**Work instruction:** An exact reproduction of the lines below, from the first through the one with "4. Fill the", is the whole answer; pictures have no place in it.

(Data records)
● ● ● ●

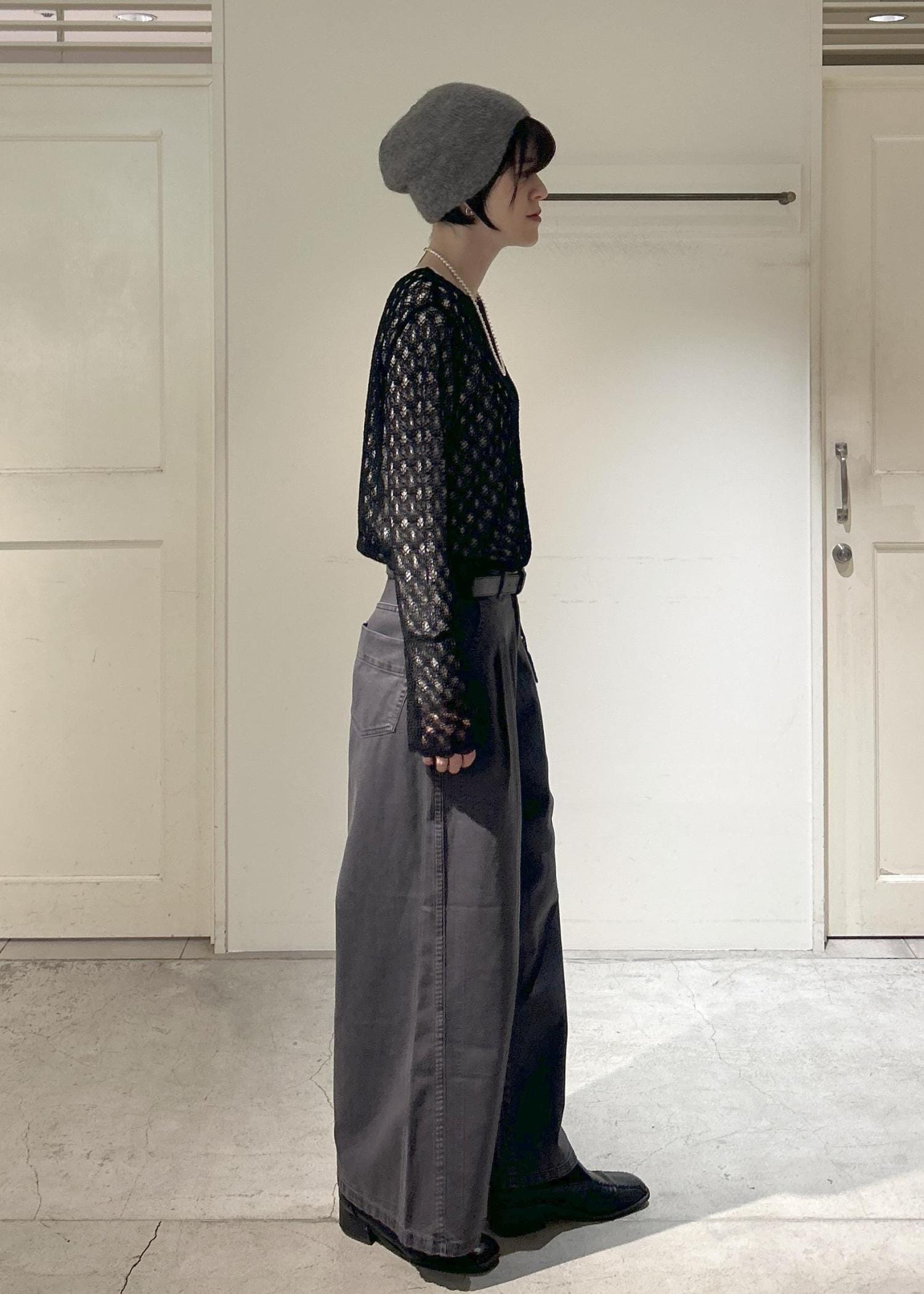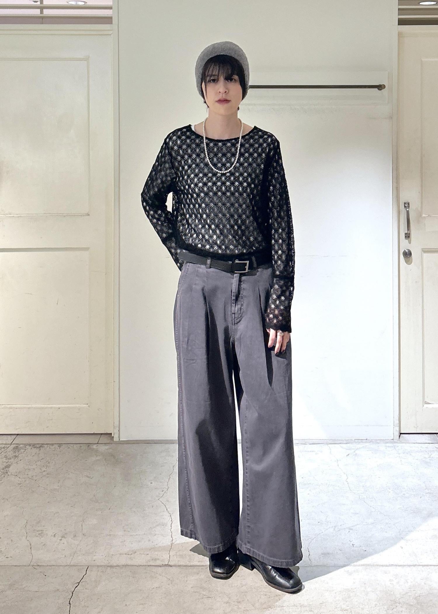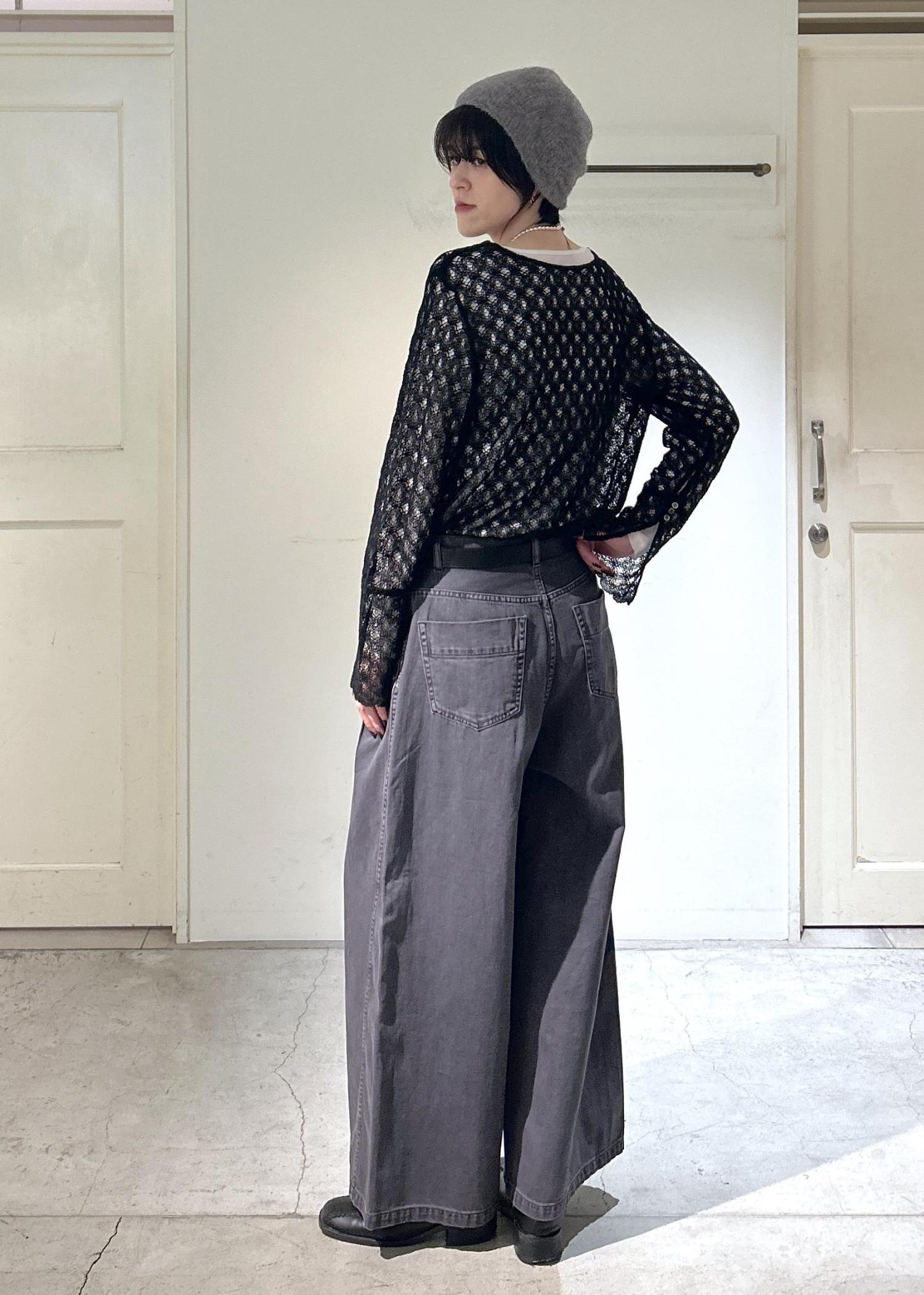 SALON adam et ropéブロークンツイル デニムパンツチャコール / M¥19,800レビュー身長171cmだと、腰履きで踝が隠れるくらいの長さです。タックが入っているので、シルエットがきれいなワイドパンツです。ヴィンテージ感のあるデザインなので、合わせやすいです。
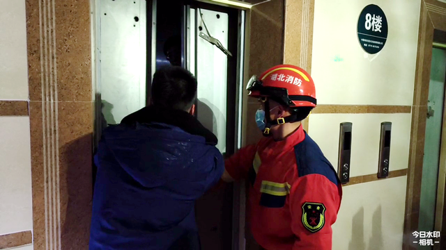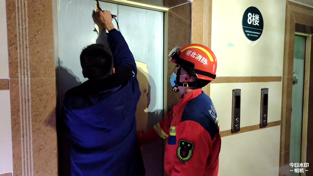 消防救援人员到场后,因为停电不清楚报警人被困几楼,于是从小区车库负一楼逐层敲打电梯轿门,听被困人员的声音来判断其所在楼层位置。随后终于在八层成功救出被困的一名女士和一名孩童。经过询问,报警人称已经被困一个多时候了,本打算等物业到来,后面实在没办法才报警,所幸2名被困人员并未受伤。
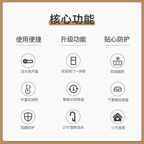 长效保温,水温适宜随时饮用,自由畅享温热水。手动旋转水龙头,使用更加灵活方便,减少局限性。
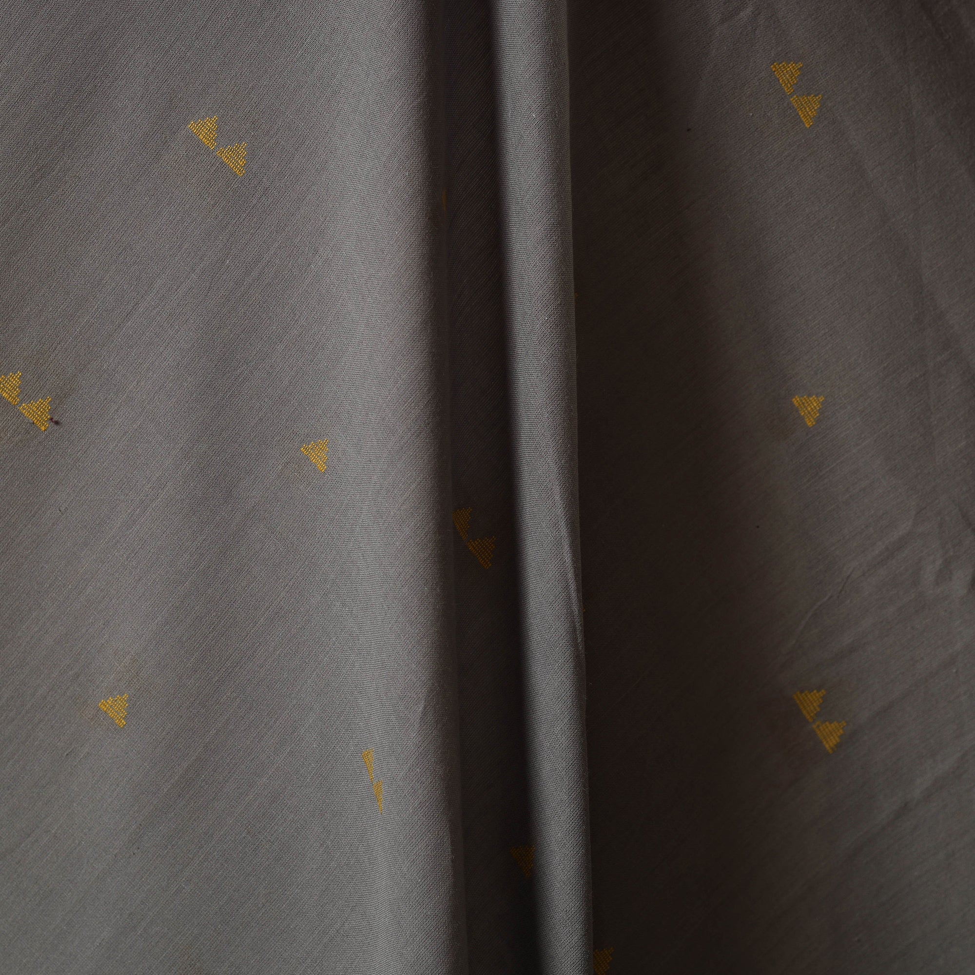 Woven in Telangana, this grey jacquard cotton fabric showcases a traditionally inspired pattern created through modern jacquard weaving. Its prewashed finish lends a smooth, soft touch, making it ideal for kurtas, dresses, or home décor accents. Though machine-woven, it beautifully captures the richness of India’s textile heritage.
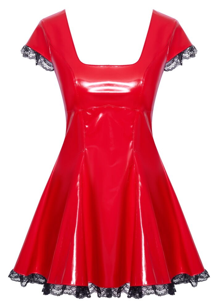 Zuckersüßes Design in sündig rot glänzendem Lack! Garniert mit schwarzen Spitzenrüschen an Ärmeln und Saum. Ein Style, der auffällt und gefällt! Obenrum kurvenbetonend tailliert und mit verführerischem Karree-Ausschnitt. Untenrum swingt das Röckchen frech um deine Hüften. Auch dein Rücken wird mit dem schönen runden Ausschnitt verzücken. Und mit dem Reißverschluss ist das Kleidchen bequem und schnell an- & ausgezogen. Ein roter Traum für Girlies und Ladies, die Fantasien beflügeln wollen!
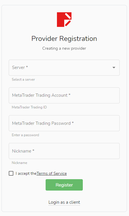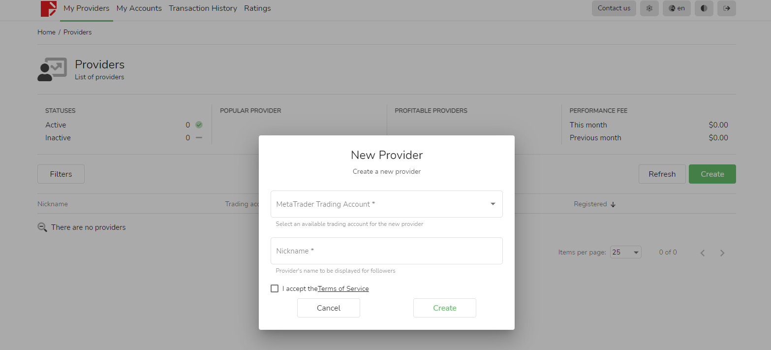 After successfully registering a signal source account, click [Create] on the homepage, then fill in [Trading Account] and [Nickname] again, and then check [Accept Terms of Service] to successfully add a signal source. Each signal source account can only add one signal source.
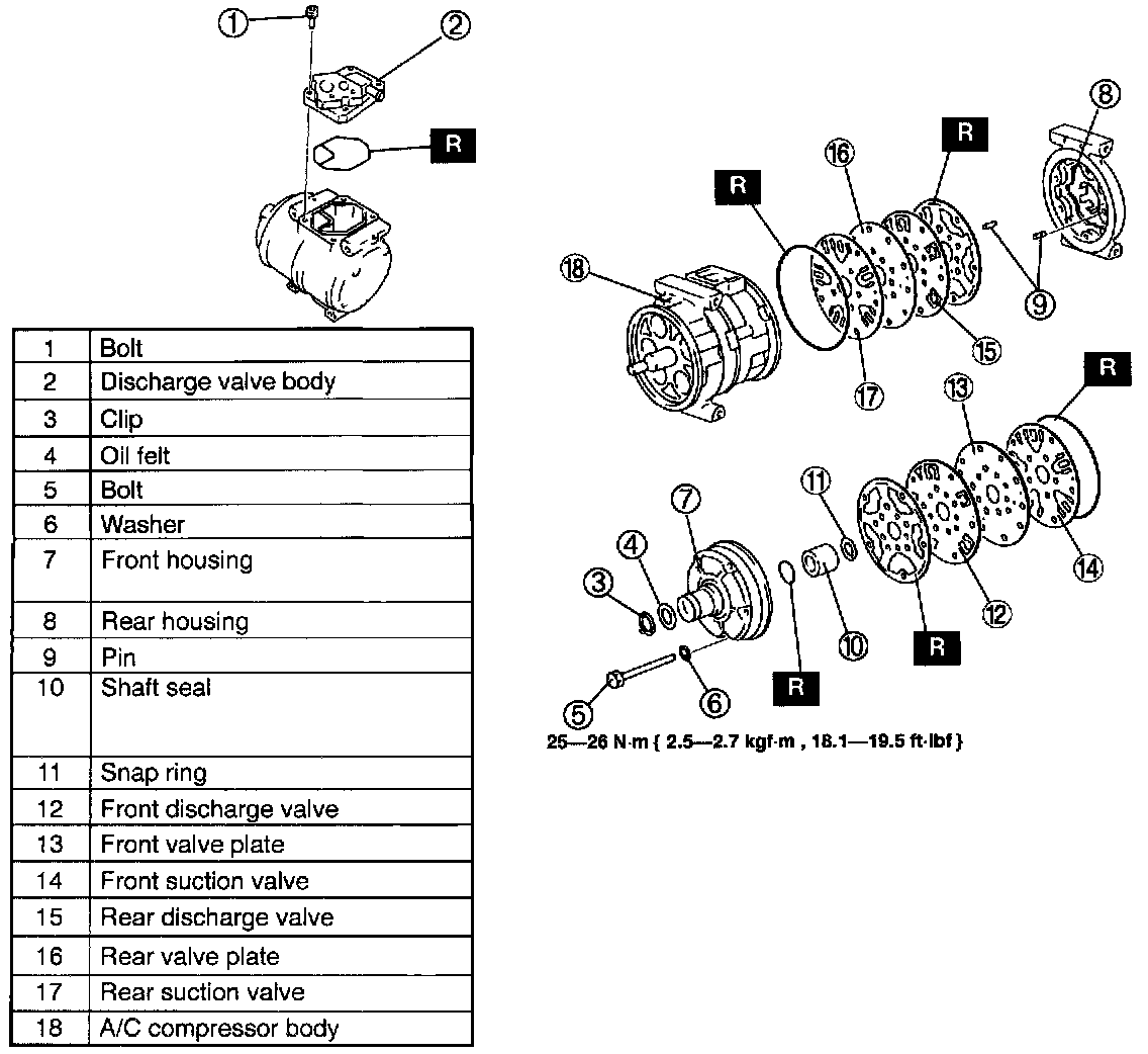 4. Fill the A/C compressor with the same amount of ND-OIL8 compressor oil as was drained before disassembly.
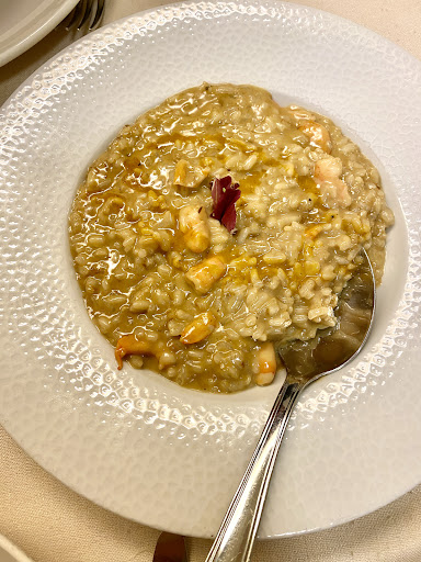En cuanto a la comida, en esta ocasión no os puedo indicar precios ya que nos ofrecieron un menú especial para nosotros, por lo que no os puedo hablar de precios o cantidad de las raciones, pero sí de lo que nos transmitió cada plato: -Risotto de langostinos y boletus: El favorito la noche. Langostino de buen calibre, arroz muy cremoso y sabor intenso a boletus. -Setas de cardo empanadas con alioli: Nunca había probado las setas así y me gustaron mucho. Corte delicado y empanado no muy aceitoso. -Pulpo a la gallega con cachelos: El pulpo muy tiernecito, muy buen sabor. Los cachelos se quedan a medio camino entre puré y patata cocida. -Lubina a la media sal con patata trufada: El punto del pescado es perfecto y el acompañamiento nos gustó mucho, pero tenía bastantes raspas. -Carne de vaca a la piedra: Nos encanta la carne a la piedra y esta pieza no decepcionó. Carne de vaca fileteada, muy sabrosa y con el añadido de poder preparártela en la mesa al punto que más te guste. -Tarta de queso: No esperes la típica tarta fluida que está tan de moda. Esta tarta de queso nos recordó más a una quesada en cuanto a textura. El sabor muy fiel a la original. Sacia mucho. ⚠️ A DESTACAR: Sus paredes están llenas de fotos con personajes famosos que han visitado el restaurante. 💳 PRECIO MEDIO: 💵💵 🏆 PUNTUACIÓN: ⭐️⭐️⭐️⭐️
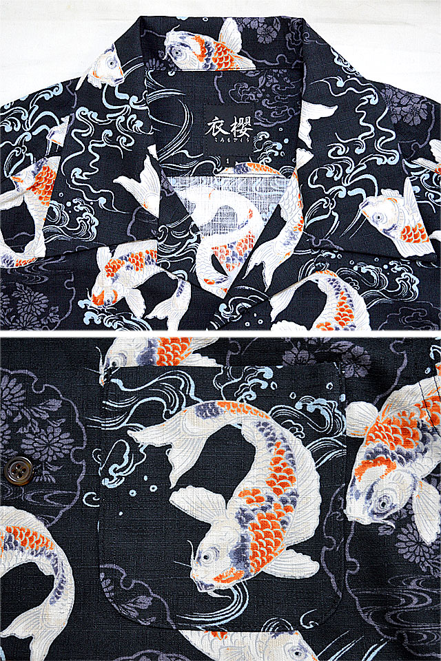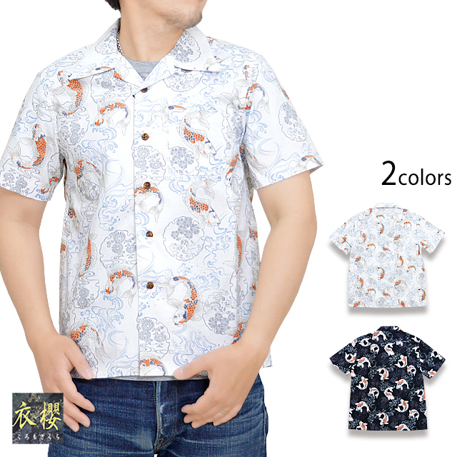 味わい深い物作りをされている衣櫻さんから、コットンアロハシャツ「跳ね鯉」(SA-1462)のご紹介です。
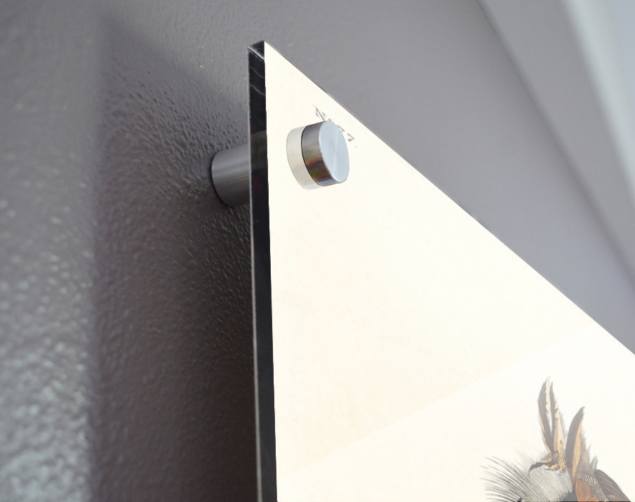 Printed to the edge - Ready to hang - provided with 4 premium polished aluminum stand off ( wall screws and mounting hardware provided ) We suggest a thicker 3/16" acrylic for any size over 42 inches to guarantee a straight acrylic, without curvature
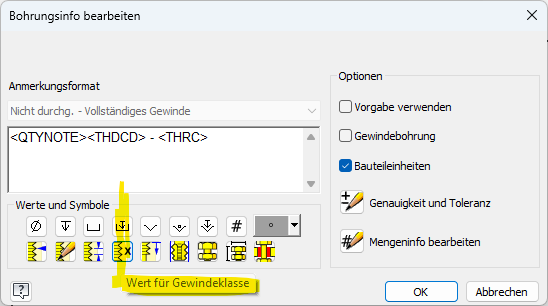Hallo zusammen, ich habe schon einige Beiträge im Forum gefunden, aber keine direkte Lösung. Es geht um die Bohrungs-/Gewindeinfo-Funktion in der Zeichnungsumgebung. Diese kann ich entweder auf "Benutzerdefinierte Vorgabe" oder auf Vorgabe stellen. Unsere Thread.XLS ist schon modifiziert, in dem bei Regelgewinden die Steigung weggelassen wird. Mein Ziel ist es, dass ich die benutzerdefinierte Gewindebezeichnung plus die Gewindeklasse anzeigen lassen kann. Wie kann man das einstellen? Aktuell zeigt es im Standard an: M5x0.8 - 6e oder bei "Benutzerdefinierte Vorgabe" nur M5, aber ohne Gewindelasse. Schön wäre M5 -6e Danke und Grüße MB-Ing. ------------------ Wissen ist Macht. Nichts wissen macht auch nichts  Eine Antwort auf diesen Beitrag verfassen (mit Zitat/Zitat des Beitrags) IP |
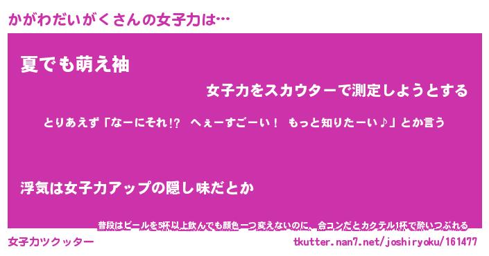 | ポケモン風あだ名 | 『カガチュウ』『カガワダネ』 |
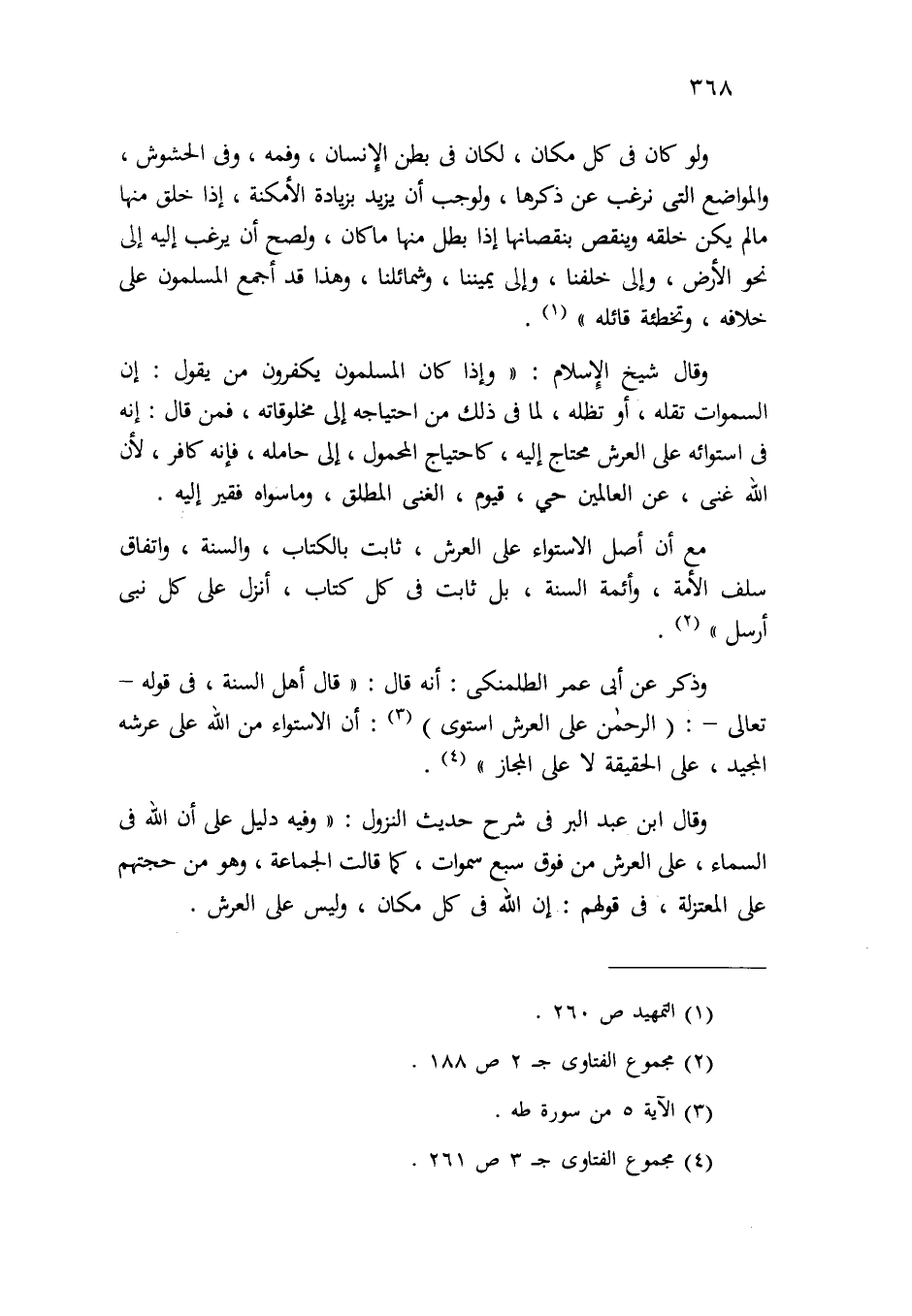 مع أن أصل الاستواء على العرش، ثابت بالكتاب، والسنة، واتفاق سلف الأمة، وأئمة السنة، بل ثابت في كل كتاب، أنزل على كل نبي أرسل" (¬2)

● ● ● ●

**Answer to this problem:**
 SALON adam et ropéブロークンツイル デニムパンツチャコール / M¥19,800レビュー身長171cmだと、腰履きで踝が隠れるくらいの長さです。タックが入っているので、シルエットがきれいなワイドパンツです。ヴィンテージ感のあるデザインなので、合わせやすいです。
 消防救援人员到场后,因为停电不清楚报警人被困几楼,于是从小区车库负一楼逐层敲打电梯轿门,听被困人员的声音来判断其所在楼层位置。随后终于在八层成功救出被困的一名女士和一名孩童。经过询问,报警人称已经被困一个多时候了,本打算等物业到来,后面实在没办法才报警,所幸2名被困人员并未受伤。
 长效保温,水温适宜随时饮用,自由畅享温热水。手动旋转水龙头,使用更加灵活方便,减少局限性。
 Woven in Telangana, this grey jacquard cotton fabric showcases a traditionally inspired pattern created through modern jacquard weaving. Its prewashed finish lends a smooth, soft touch, making it ideal for kurtas, dresses, or home décor accents. Though machine-woven, it beautifully captures the richness of India’s textile heritage.
 Zuckersüßes Design in sündig rot glänzendem Lack! Garniert mit schwarzen Spitzenrüschen an Ärmeln und Saum. Ein Style, der auffällt und gefällt! Obenrum kurvenbetonend tailliert und mit verführerischem Karree-Ausschnitt. Untenrum swingt das Röckchen frech um deine Hüften. Auch dein Rücken wird mit dem schönen runden Ausschnitt verzücken. Und mit dem Reißverschluss ist das Kleidchen bequem und schnell an- & ausgezogen. Ein roter Traum für Girlies und Ladies, die Fantasien beflügeln wollen!
 After successfully registering a signal source account, click [Create] on the homepage, then fill in [Trading Account] and [Nickname] again, and then check [Accept Terms of Service] to successfully add a signal source. Each signal source account can only add one signal source.
 4. Fill the A/C compressor with the same amount of ND-OIL8 compressor oil as was drained before disassembly.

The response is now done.